The plan was perfect. The four of us left the conference center, ready to cast aside the three days of sitting in a cold room, listening to cold speakers. Once a year we gathered for our discipline's major conference and once a year, we caught up with each other. Literally coming from North, South, East, West, it was a time to renew our friendship, a friendship borne out of the trauma of graduate school. And though we were now at varying stages of our careers and lives, we looked forward to this annual ritual of leaving the conference behind, finding a great restaurant, and getting to know each other once again.
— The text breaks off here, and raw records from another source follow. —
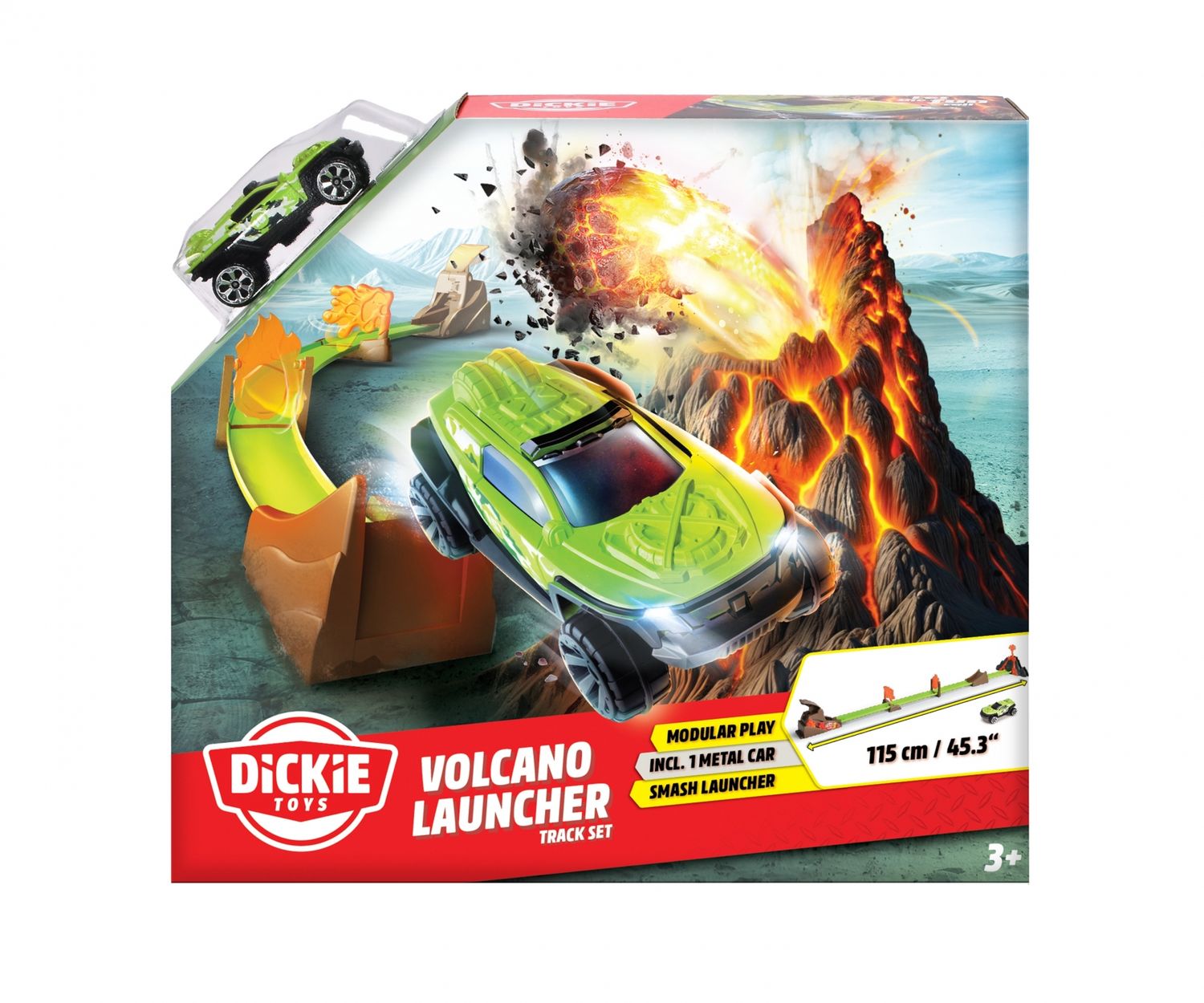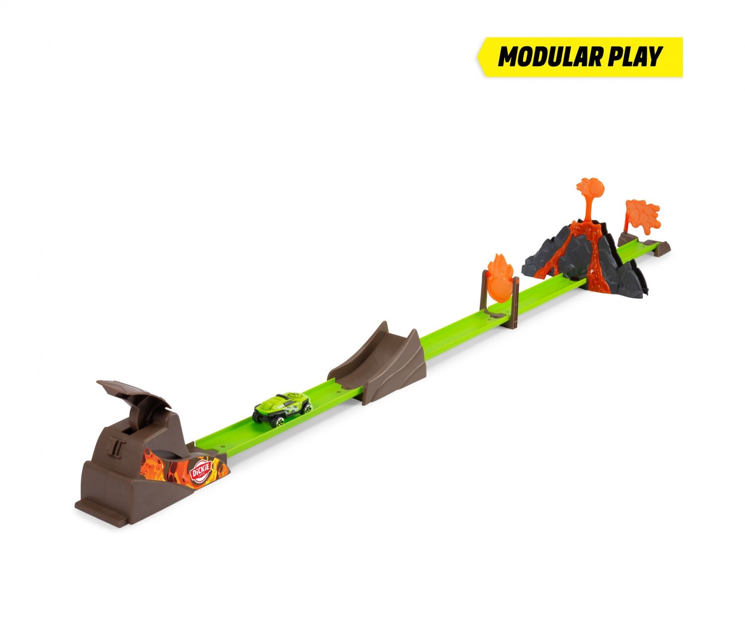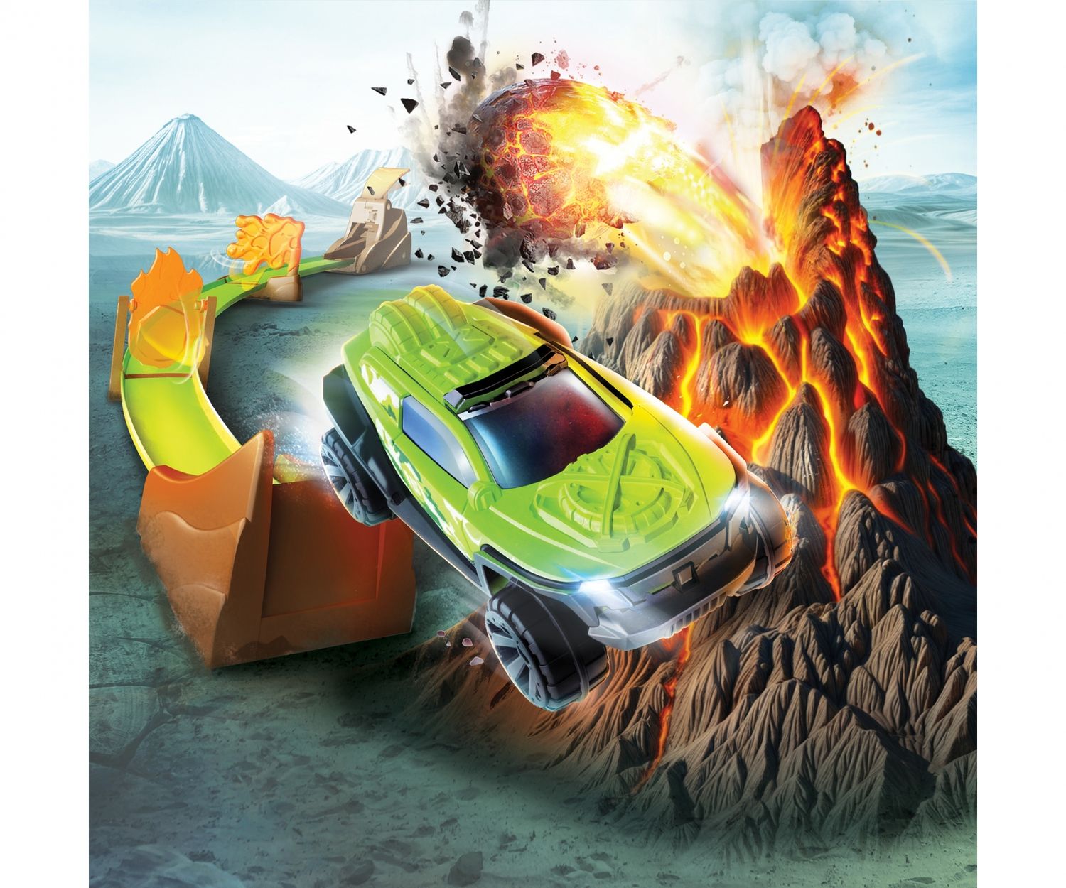 •Showdown am Vulkan – Beim Vorbeifahren löst das Fahrzeug den Vulkanausbruch aus: Spiel-Steine fliegen aus dem Krater und können das Auto vom Kurs abbringen. Oder entkommt der heißen Falle?
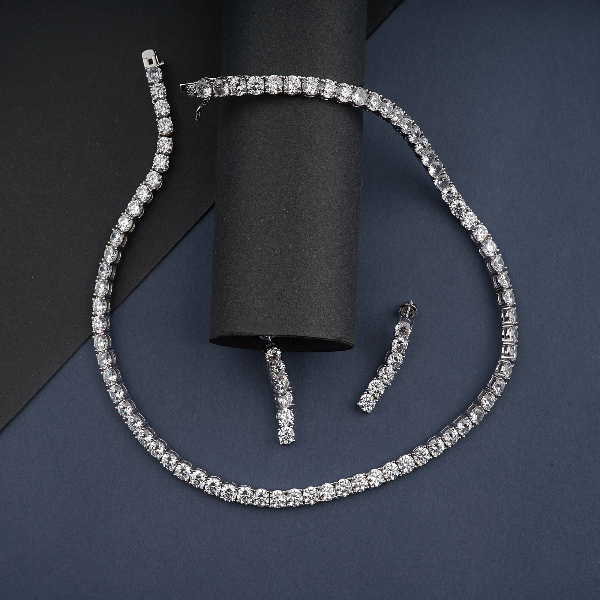 This elegant tennis necklace and earring set is a must-have for any collection. The brilliant, clear stones and silver-toned setting create a timeless look, perfect for adding sophisticated sparkle to...
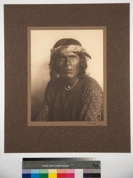 Studio portrait of a Navajo man wearing bandana and ornate necklace.
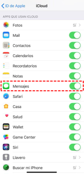 4. Sincronice mensajes con la cuenta B: vaya a Configuración > [su nombre] > iCloud para activar Mensajes.
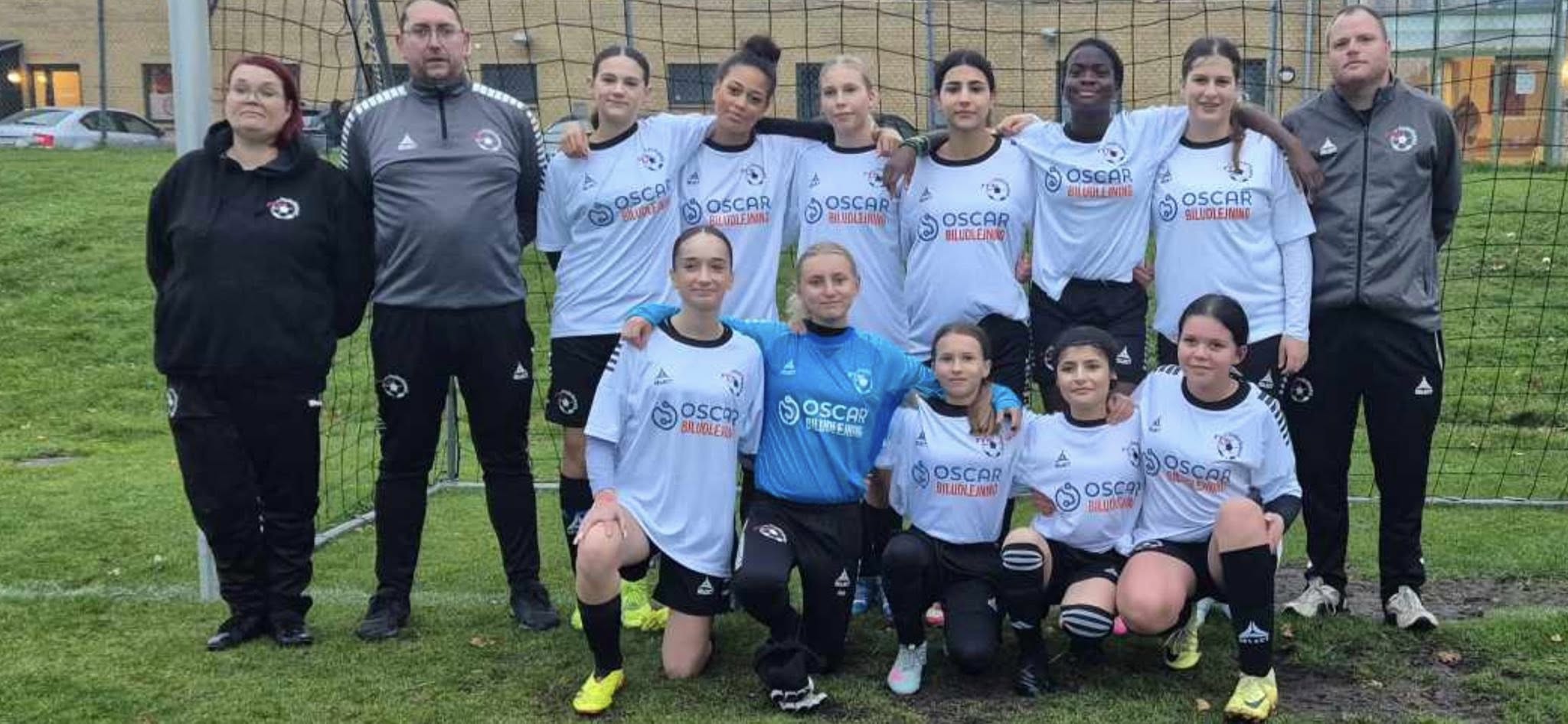 Pigerne stillede op i deres nye flotte spilletrøjer med Oscar Biludlejning som ny sponsor, og de skal have en stor tak for støtten.
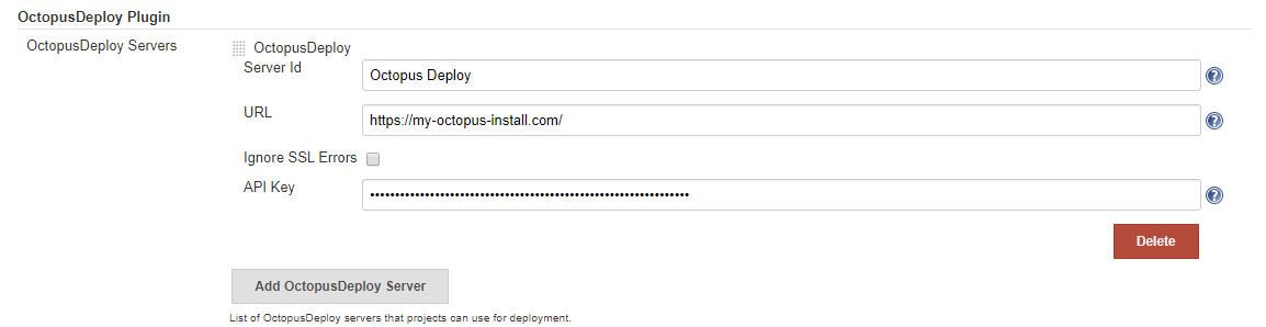 Here you can create the link to your Octopus Server. You can add more than one if your organization uses multiple servers. This is where you supply an API Key, select a Service Account with suitable permission and see how to create an API key for it.
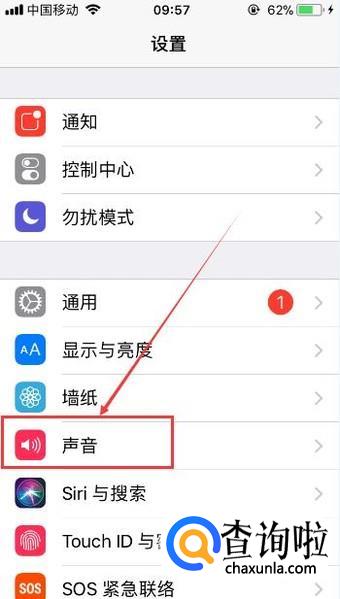 之后返回到【设置】页面,然后点击【声音】按键。
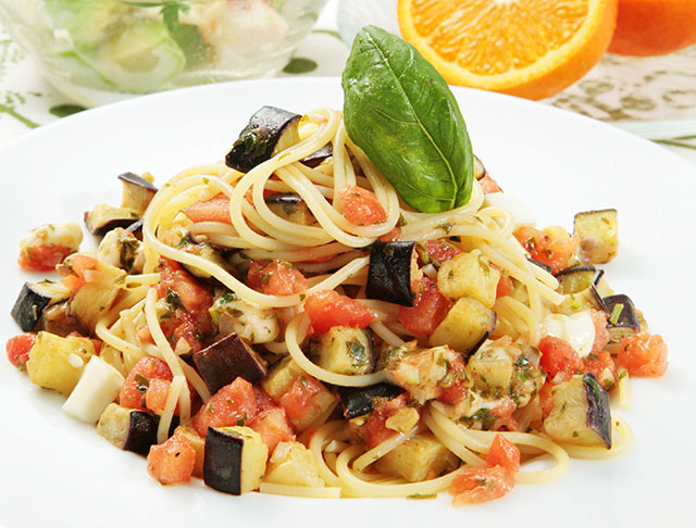 (1)モッツァレラチーズは1cm角に切る。(2)なすは1.5cm角に切り、多めのオリーブ油で揚げるように火を通し、油をきっておく。(3)スパゲッティは熱湯2リットルに塩大さじ1+1/3(分量外)を加えて袋の表示通りにゆで、ザルにあげて湯をよく切る。イタリアンハーブトマトソースを鍋に入れて温め、(1)と(2)、(3)を加えて和え、塩と胡椒で味を調え、バジルを添える。
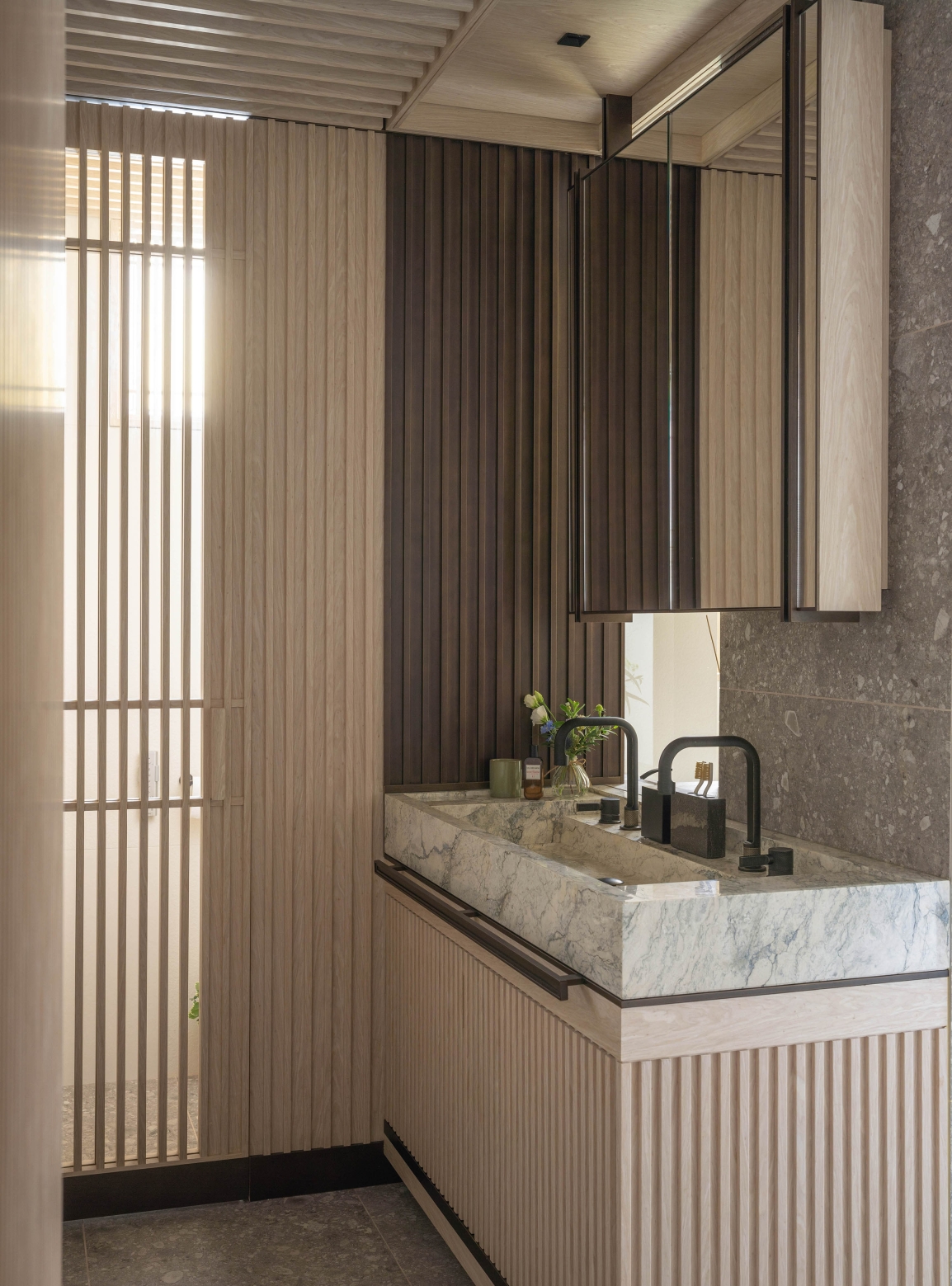 This house was conceived for art collector family who wanted to expand their living space and infused their home with both art and nature, tying a stronger connection to the hill peaking towards Deep Water Bay, Hong Kong – the veritable soul of the south – finding harmony, influence and poetry within.

We piled into the rental car, a brand new model equipped with a turn-by-turn navigation system. Ever the cautious one, I had even come prepared with a printed copy of directions from MapQuest. Between the four of us, we were equipped to navigate the streets of this unfamiliar city with GPS, cell phones, MapQuest, and laptops. Between the four of us, we had 15 post-secondary degrees from some of the most elite universities in the world. Between the four of us, we had lived in almost every corner of the globe and had traveled to every single continent. But on this day and in this place, the four of us were lost. And no amount of technology, education, or street savvy seemed to make a difference. We were hopelessly lost.

A quick detour to a gas station got us back on the right path. Directions hastily scribbled down on a napkin proved more effective than any of our technology. With only about 30 minutes off our schedule, we quickly settled into the restaurant and began catching up on each other's lives. Hours later, it was an uneventful trip back to the conference hotel and tearful goodbyes. All in all, this adventure became just a great story I share with my other friends: how four tech-savvy, GPS-equipped women got lost, but eventually found their way.

But as I stood in church today, singing praise to a God who found me and rescued me when I was lost, this story took on a much deeper meaning. God is the force who is ever present, always available, always accessible, always there with arms stretched wide open. I am the wayward child, with her toys, constantly on the go. I am constantly moving, seeking, traveling, struggling, resisting, rejecting, and disobeying. And I am the one, in my conviction and repentance, using artificial tools, and unnecessary props, and useless strategies to get back to the place, that place of peace and contentment that I have lost.

So finding myself frustrated by the lack of results of my fragile human endeavors, I abandon the hope that by myself I can ever be found, that by myself, I can ever find the right path. And it is the act of surrendering my devices and my vain attempts to find my own route, which yields a clarity of purpose and direction as to the way I should go. It is a lesson I learn again and again; I have never been so far lost that the grace of God has failed to find me.

2 comments:

lost car keys said...

welll education can never die.

Jabez L. Van Cleef said...

God gives us the awareness that we are lost; and the awareness that we are found again. God gives us the means to find found-ness when we have lost-ness; but we have to use that paltry God-given will, our choosing, each of us, to get from being lost to being found.

When Barack talks about the "shameful" bonuses, is he referring to the implicit unfairness that some undeserving souls have gratuitous sources of wealth to which they feel entitled? Or is there a shame in our finding our self-worth in the amount of money and possessions that we can accumulate, while others starve?